Les Jeunes agriculteurs demandent, en conférence de presse ce 18 février à Paris à la veille du salon de l’agriculture, que « quelques milliers » de leurs contrats d’avenir soient signés d’ici fin 2026. Pour cela, ils souhaitent qu’un article y soit dédié dans la loi d’urgence agricole du gouvernement, et priorisent certains territoires comme la Nouvelle-Aquitaine et l’Occitanie. 

Le président des Jeunes agriculteurs Pierrick Horel et le secrétaire général du syndicat Quentin Le Guillous en conférence de presse à Paris ce 18 février.
Le président des Jeunes agriculteurs Pierrick Horel et le secrétaire général du syndicat Quentin Le Guillous en conférence de presse ce 18 février à Paris.
© Gaétan Merminod

Annoncé fin janvier par le Premier ministre et la ministre de l’Agriculteurs, la généralisation des « contrats d’avenir » devrait se poursuivre tout au long de l’année 2026. C’est en tout cas ce que demande le syndicat des Jeunes agriculteurs (JA), qui appelle même à « quelques milliers de contrats signés d’ici la fin de l’année », comme l’indique son président Pierrick Horel en conférence de presse ce 18 février à Paris à quelques heures de l’ouverture du SIA 2026 dont le thème est « Générations solutions ». Pour cela, les JA veulent qu’un article soit dédié à ces contrats au sein de la loi d’urgence agricole du gouvernement. 

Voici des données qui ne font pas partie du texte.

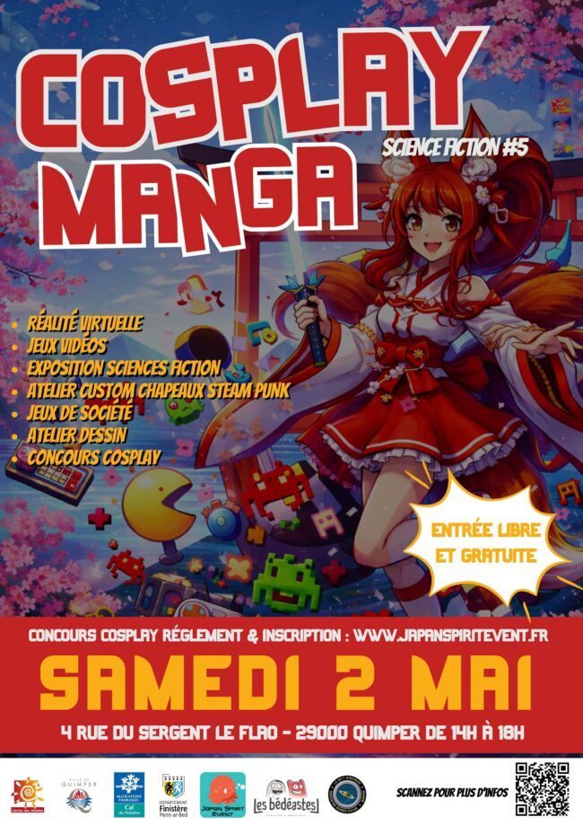 Événement Cosplay, Manga & Science-Fiction à Quimper : prépare-toi pour un voyage hors du temps ! Tu fais quoi le samedi 2 mai 2026 ? Spoiler : tu vas vouloir être à Quimper, au Centre des Abeilles, parce qu’un événement complètement immersif débarque… et ça promet ! De 14h à 18h Centre des Abeilles –…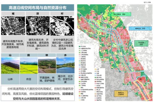 整体改造的内容分为点、线、面三级框架,节点空间以沿线建筑风貌及文化景观节点为主,线性空间以自然、田园景观及沿线植物景观形成的绿色风景廊道,面域空间以沿线乡村风貌整治为主。

Lire aussi : Souveraineté alimentaire : que sont les « contrats d’avenir » annoncés par le gouvernement ?

De premiers contrats à signer en Nouvelle-Aquitaine et en Occitanie

Les JA souhaitent en particulier prioriser certains territoires pour ces contrats d’avenir. Sont cités la Nouvelle-Aquitaine et l’Occitanie, zones qui « concentrent des problèmes liés au climat », indique Pierrick Horel. Dans ces régions, la viticulture est un exemple de la difficulté de cette adaptation, car les plans d’arrachages « ne redonnent pas des perspectives de production », regrette le président des JA. Le syndicat met donc en avant l’idée de développer des cultures aujourd’hui émergentes, comme la pistache ou la grenade. Ce qui requiert un « accompagnement financier [de l’État] pour pallier le manque de revenu » durant les premières années, soutient Pierrick Horel, ainsi que pour les investissements. Mais aussi une « cohérence régionale » dans les politiques pour éviter la surproduction.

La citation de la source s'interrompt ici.